On May 8, 2026, argenx announced that the U.S. Food and Drug Administration (FDA) has expanded the approval of VYVGART (efgartigimod alfa) and VYVGART Hytrulo (efgartigimod alfa and hyaluronidase) for the treatment of all adult patients living with generalized myasthenia gravis (gMG). This expansion covers all serotypes, including those with acetylcholine receptor (AChR) antibodies and muscle-specific tyrosine kinase (MuSK) antibodies, among others.

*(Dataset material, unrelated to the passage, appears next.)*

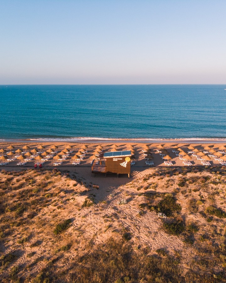 - Privatstrand (Zugang über Stufen von einem Holzsteg), Sonnenliegen mit Sonnenschirmen

VYVGART and VYVGART Hytrulo are now the first and only approved treatments for all serotypes of adult gMG patients. The approval is based on data from clinical trials, including the ADAPT and ADAPT+ studies, which demonstrated efficacy and safety across different antibody profiles. The FDA's decision marks a significant expansion from the previous approval, which was limited to AChR antibody-positive patients.
Dr. Jan van de Winkel, CEO of argenx, stated, 'This expanded approval underscores our commitment to addressing the unmet needs of all gMG patients, regardless of their serotype.' The company plans to make the treatments available to eligible patients immediately.
Generalized myasthenia gravis is a chronic autoimmune disease that causes muscle weakness and fatigue. The expanded approval is expected to benefit a broader patient population, including those with rare serotypes who previously had limited treatment options.